You only need to use a small amount of oil to cover the surfaces the bread will touch. If you use too much oil or cover unnecessary surface area, you can get a subtle smoked oil flavor on the crust of your bread. Once oiled, sprinkle a little flour or finely ground cornmeal over the oil (cornmeal is preferred but use whatever you’ve got). This method will keep the bread from sticking. Once the dutch oven is oiled and floured/cornmealed, you can set your shaped loaf in and put the lid on.
The goal is to get the shaped loaf to double in size and once it does, it’s baking time! If it is a warm day just leave it on the counter. In a moderately warm environment this will happen in 3-4 hours. I have had it take up to 5-6 hours. If you have a proofing setting on your oven you can use that and place it in the oven for 2-3 hours.
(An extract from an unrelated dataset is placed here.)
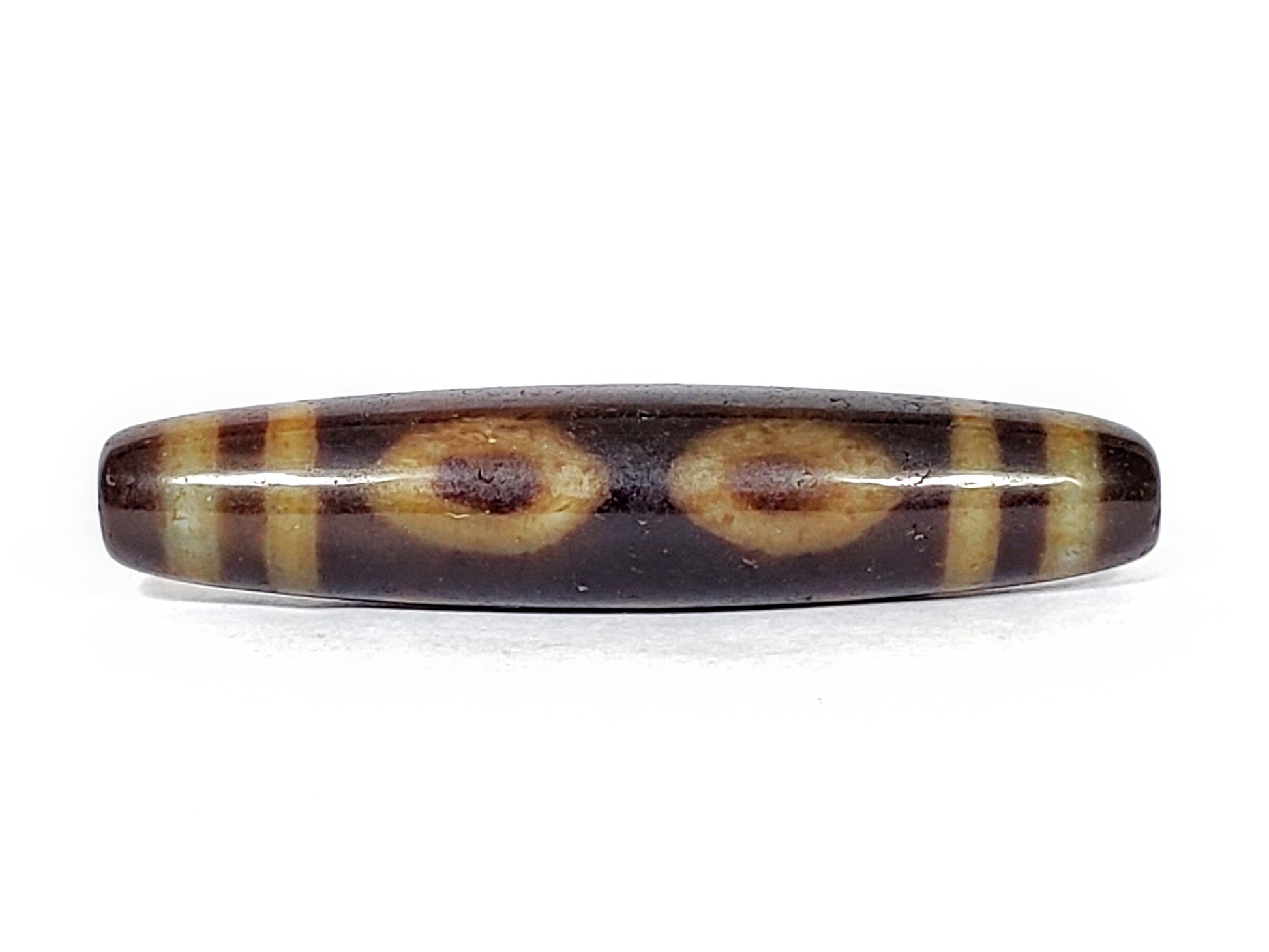 This bead is adorned with the Three Eye Motif. The Three Eye Motif is believed to bring happiness, success, and longevity to its wearer.

Step 5- Bake the Wild Sourdough Bread.
Preheat the oven to 475 degrees (don’t forget to take the dough out of the oven if you were using the proofing setting). Place the dutch oven into the oven and bake with the lid on for 35 minutes. Next, drop the temp to 350 degrees and bake for another 15 minutes with the lid off. Remove your dutch oven from the oven and use a fork or spatula to “pop” the loaf out. Place the hot loaf on a wooden cutting board and let it sit for 30 minutes. Don’t cut it right away!!! I know it is tempting, the smell will be alluring. Once the bread comes out of the oven, your spouse, your dog, and possibly even your neighbors will come poking around waiting for you to cut them a slice.
Eating and Storage.
I store my loaf in a one gallon ziplock freezer bag on the counter at room temperature. It will last for about one week. Honestly, I have rarely had one make it past a few days before being gobbled up.
My personal favorite way to eat this bread is sliced and toasted with a little butter or earth balance spread on it. This is a sure way to fatten you up for Thanksgiving. Enjoy!